Szef Rady Europejskiej Donald Tusk zeznaje w Wydziale ds. Wojskowych Prokuratury Okręgowej w Warszawie w śledztwie dot. współpracy Służby Kontrwywiadu Wojskowego z rosyjską Federalną Służbą Bezpieczeństwa. Rano były premier wyruszył z Sopotu do Warszawy pociągiem. W drodze na dworzec w Sopocie towarzyszyła mu spora grupa dziennikarzy, z którymi chętnie dyskutował. Punktualnie o 10.40 zwolennicy i przeciwnicy szefa RE przywitali go na peronie Dworca Centralnego w Warszawie.– Będziemy wyjaśniali wszystkie kwestie dotyczące procedur, natomiast co do politycznej oceny pracy służb polskich w tamtym czasie, nie mam żadnych, najmniejszych zastrzeżeń – Tusk powiedział dziennikarzom, którzy towarzyszyli mu w drodze z sopockiego mieszkania na dworzec kolejowy. Spytany, czy uważa, że sprawa ma charakter polityczny, były premier odparł, że byłby chyba wyjątkiem w całej Polsce, gdyby zaprzeczył. – Nie mam wątpliwości, że to jest element politycznej nagonki, zresztą jej autorzy tego tak naprawdę nie ukrywają – dodał Tusk.
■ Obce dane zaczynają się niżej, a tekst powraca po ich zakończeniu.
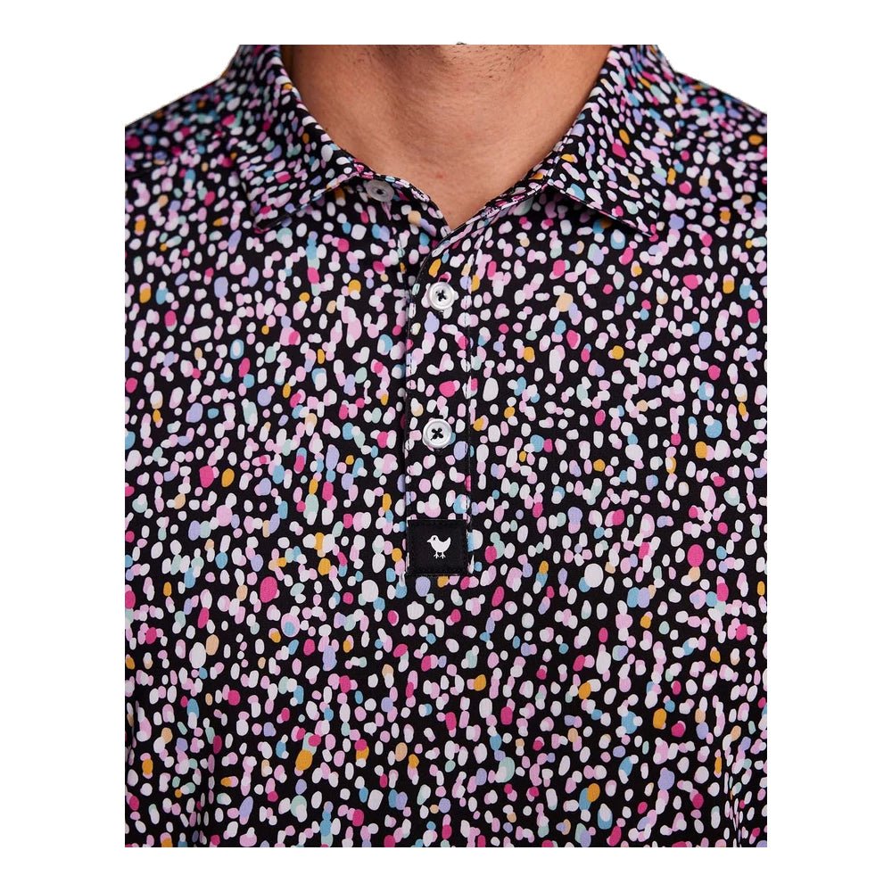 Infuse your golfing attire with a touch of fun and personality with the Bad Birdie Drippity Drip Polo, a unique and playful take on the classic polo shirt. A flashy confetti dot pattern helps you stand out in style.

Przedmiotem śledztwa, w którym ma zeznawać Donald Tusk, jest „przekroczenie uprawnień przez członków kierownictwa Służby Kontrwywiadu Wojskowego”. Chodzi o podjęcie współpracy ze służbą obcego państwa, w tym przypadku rosyjską FSB, bez wymaganej zgody Prezesa Rady Ministrów. Przestępstwo przekroczenia uprawnień lub niedopełnienia obowiązków przez funkcjonariusza publicznego jest zagrożone karą do trzech lat więzienia.
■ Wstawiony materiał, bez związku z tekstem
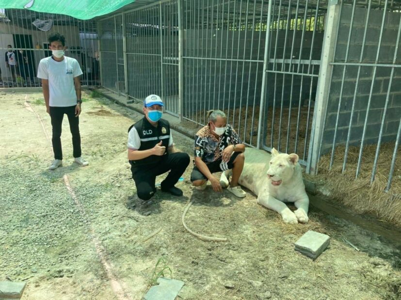 เกี่ยวกับเรื่องนี้ เมื่อวันที่ 2 ก.พ. นายคเชนทร์ เที่ยงมณี ปลัดอำเภอหัวหน้าฝ่ายความมั่นคงอำเภอบางปะกง ลงตรวจสอบที่บ้านพักแห่งหนึ่งในพื้นที่ อ.บางปะกง จ.ฉะเชิงเทรา เพื่อขอเข้าตรวจสถานที่หลังจากรับแจ้งว่า มีการเลี้ยงสิงโตขาวเอาไว้เพื่อจำหน่าย โดยมี นายโยธิน นากกร แสดงตัวเป็นเจ้าของบ้าน ก่อนพาไปดูกรงที่ว่างเปล่า ไม่มีสิงโตแม้แต่ตัวเดียว จากนั้นได้เปิดเผยว่า ได้ย้ายสิงโตทั้งหมดไปเลี้ยงยัง ต.ปากน้ำ อ.บางคล้า นานแล้ว ภายหลังทางเจ้าของฟาร์มได้พาคณะปลัดอำเภอฯ เดินทางไปตรวจฟาร์มที่เลี้ยงเอาไว้ โดยพบว่าห่างไกลจากชุมชน และปฏิบัติตามขั้นตอนกฎหมายอย่างถูกต้อง

W ramach śledztwa takie zarzuty postawiono byłym szefom SKW - generałom Januszowi Noskowi i Piotrowi Pytlowi. Trzeci podejrzany to Krzysztof D., były dyrektor gabinetu szefa SKW. Ze względu na niejawny charakter śledztwa, prokuratura nie podaje żadnych szczegółów. Wiadomo jedynie, że zarzuty dotyczą zdarzeń z lat 2010-2013. Natomiast byli szefowie SKW - według mediów – odmówili składania wyjaśnień, a całą sprawę oceniają jako polityczny odwet.